Sunday, October 09, 2011

The Love of a Tribe

You are such an ocean of Love,
That you have no boundary.
~Rumi

It's been quite a week.  While I could spend words upon words musing on the difficulties I've been sort of trudging through over the last five days, I think I won't.  Ultimately, the realization I came to this week seems much more important than the circumstances that precipitated it.  What I learned is simply this:  It is impossible to stay in a place of sadness when you find yourself overwhelmed by gratitude.

I'm bad at being needy.  I'm terrible at asking for help.  I don't like to admit that there's ever a time I can't handle something entirely on my own.  But the reality is that humans (yes, even me) were designed to depend on each other.  We were built to love and to give support.  We were created to bond.  In tribes, in families, in packs or pairs...we are intended to rely on each other.  And the simple truth is this:  if I would be willing to drop everything to be there for a friend in need -- and I would, absolutely -- why would I ever have expected anything less from those who care about me?
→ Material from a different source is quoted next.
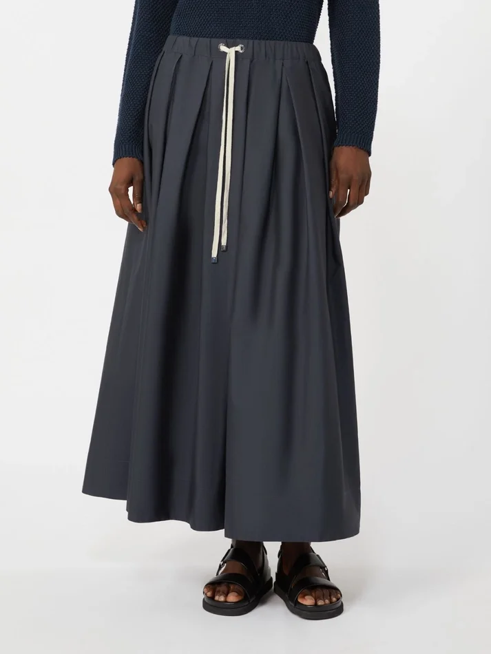 long, a-line skirt with a full volume, elasticated waist and pleated pattern.

This week, in the midst of an hour of darkness, I was so taken aback by the love I was shown that I couldn't linger in sadness or self-doubt.  This week, I was forced to admit to myself that though my "tribe" may resemble more Picasso than Rembrandt, it is absolutely there...and its members are absolutely willing to mobilize...to support...to listen...to offer an overwhelming deluge of love. This week, I realized that it's difficult to mourn a loss when so much is there to be found.